INPUT FOR THIS TASK>
__________________________________________________
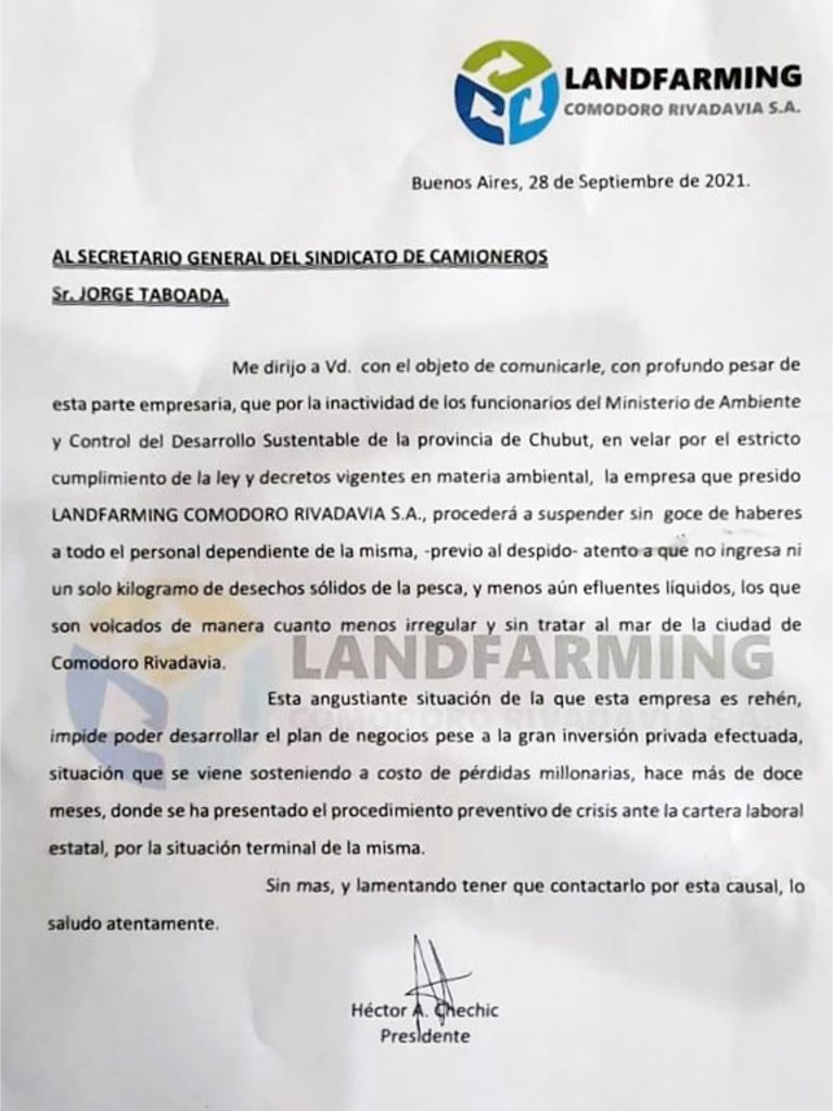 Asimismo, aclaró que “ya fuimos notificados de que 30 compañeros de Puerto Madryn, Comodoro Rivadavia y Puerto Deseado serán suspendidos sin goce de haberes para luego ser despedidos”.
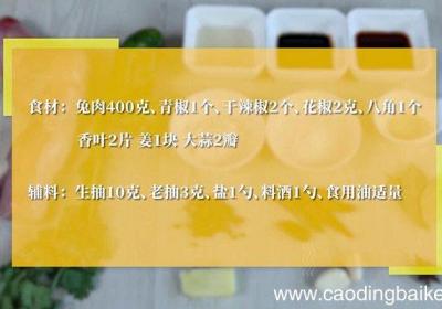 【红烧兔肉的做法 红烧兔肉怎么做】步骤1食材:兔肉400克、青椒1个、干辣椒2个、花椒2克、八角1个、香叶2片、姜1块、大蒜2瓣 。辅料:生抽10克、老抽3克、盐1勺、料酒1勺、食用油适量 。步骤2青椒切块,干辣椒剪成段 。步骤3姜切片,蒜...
__________________________________________________
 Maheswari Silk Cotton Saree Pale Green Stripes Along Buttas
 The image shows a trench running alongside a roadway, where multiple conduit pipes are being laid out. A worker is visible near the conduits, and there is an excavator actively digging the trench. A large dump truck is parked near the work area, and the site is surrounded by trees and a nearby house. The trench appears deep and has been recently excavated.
__________________________________________________
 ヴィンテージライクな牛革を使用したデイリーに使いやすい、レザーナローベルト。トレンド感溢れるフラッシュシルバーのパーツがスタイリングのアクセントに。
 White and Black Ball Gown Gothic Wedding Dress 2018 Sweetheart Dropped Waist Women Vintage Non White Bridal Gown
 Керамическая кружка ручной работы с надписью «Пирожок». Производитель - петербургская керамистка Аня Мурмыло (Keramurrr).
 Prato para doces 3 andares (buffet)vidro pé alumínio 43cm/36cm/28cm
__________________________________________________
EXERCISE DETAILS> The answer is the run of lines above from the line containing "White and Black" through the line containing "Prato para doces", copied exactly and alone.

TASK RESULT>
 White and Black Ball Gown Gothic Wedding Dress 2018 Sweetheart Dropped Waist Women Vintage Non White Bridal Gown
 Керамическая кружка ручной работы с надписью «Пирожок». Производитель - петербургская керамистка Аня Мурмыло (Keramurrr).
 Prato para doces 3 andares (buffet)vidro pé alumínio 43cm/36cm/28cm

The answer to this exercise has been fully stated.